Ameliyat öncesi, senkron tümör (ortalama yüzde 5 kanser ve yüzde 30 adenom) ve uzak metastazların araştırılmasına yönelik çalışmalar da tamamlanmalıdır.

– Sağ hemikolektomi

– Transvers kolektomi

– Sol hemikolektomi

– Sigmoid kolektomi

– Subtotal ve total abdominal kolektomi

– Laparoskopik kolon rezeksiyonları

Resim-5: Kolon tümörlerinin cerrahi tedavisinde uygulanan kolon rezeksiyonu tipleri:

A: sağ hemikolektomi, B: genişletilmiş sağ hemikolektomi, C: Transvers kolektomi, D-E: sol hemikolektomi, F: sigmoid kolektomi

(Resim, 3 no’lu kaynaktan alınmıştır)

Komplikasyonlar

Kolon cerrahisinin başlıca komplikasyonları arasında kanama, anastomoz kaçağı, karın içi abseler ve cilt altı infeksiyonları sayılabilir.

Cerrahi Tedavi Sonrası Takip

KRK nedeniyle tedavi edilen hastalar, nüks, metakron ve metastatik tümör gelişimi riskine sahiptir. Metakron kanserin takibi açısından, primer tümörün rezeksiyonundan 12 ay sonra kolonoskopi yapılır. Sonuç normal ise, 3 yıl sonra kolonoskopi tekrarlanır. Bu da normalse, 5 yılda bir kolonoskopik takip önerilir. Nüks ve metaztazların çoğu (%70) postop. 2 yıl içinde ortaya çıktığından, takipte bu kritik süre önemlidir. Rutin olmamakla birlikte, akciğer metastazı açısından yıllık AC grafisi istenebilir. İki yıl boyunca, 2-3 ayda bir kanda CEA düzeyi tekrarlanmalıdır. BT, rutin olarak kullanılmaz. Ancak CEA yükseldiğinde, faydalı olabilir.

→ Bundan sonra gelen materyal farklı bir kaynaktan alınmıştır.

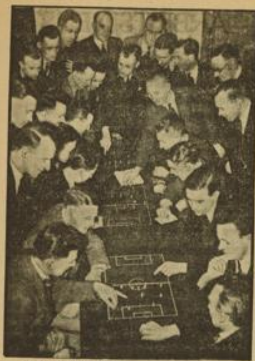
Fußballschiedsrichter am grünen Tisch
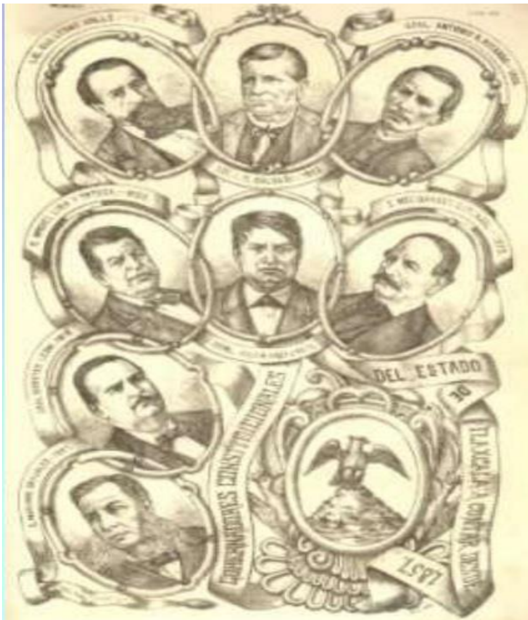
INTEGRANTES DE LA I LEGISLATURA DEL HONORABLE CONGRESO DEL ESTADO DE TLAXCALA.
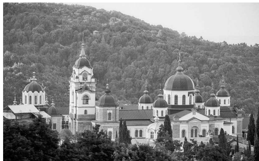
Величественный Андреевский Собор на Афоне

При подготовке статьи использовались материалы с православных сайтов

Kemoterapi (KT) ve Radyoterapi (RT)

KT, tümör büyümesini yavaşlatmak, tümör boyutunu küçültmek ve uzak metastazların gelişimini önlemek amacıyla kullanılmaktadır. Sıklıkla post-operatif dönemde (adjuvan KT), bazı seçilmiş olgularda ise pre-operatif dönemde (neo-adjuvan) kullanılır. Tümörün çıkartılamadığı olgularda, palyatif amaçla da uygulanabilmektedir. Veriliş yolu çoğunlukla sistemik, ya da yaygın peritoneal metastazların gelişmesi halinde periton içi yoludur (intra-peritoneal hipertermik KT). KT’ye genelikle ameliyattan 15-30 gün sonra başlanır.

Kolonun karsinoid tümörleri

Karsinoid tümörler, GI kanal mukozasında yer alan entero-kromaffin hücrelerden kaynaklanır ve nöro-endokrin tümörler arasında incelenir.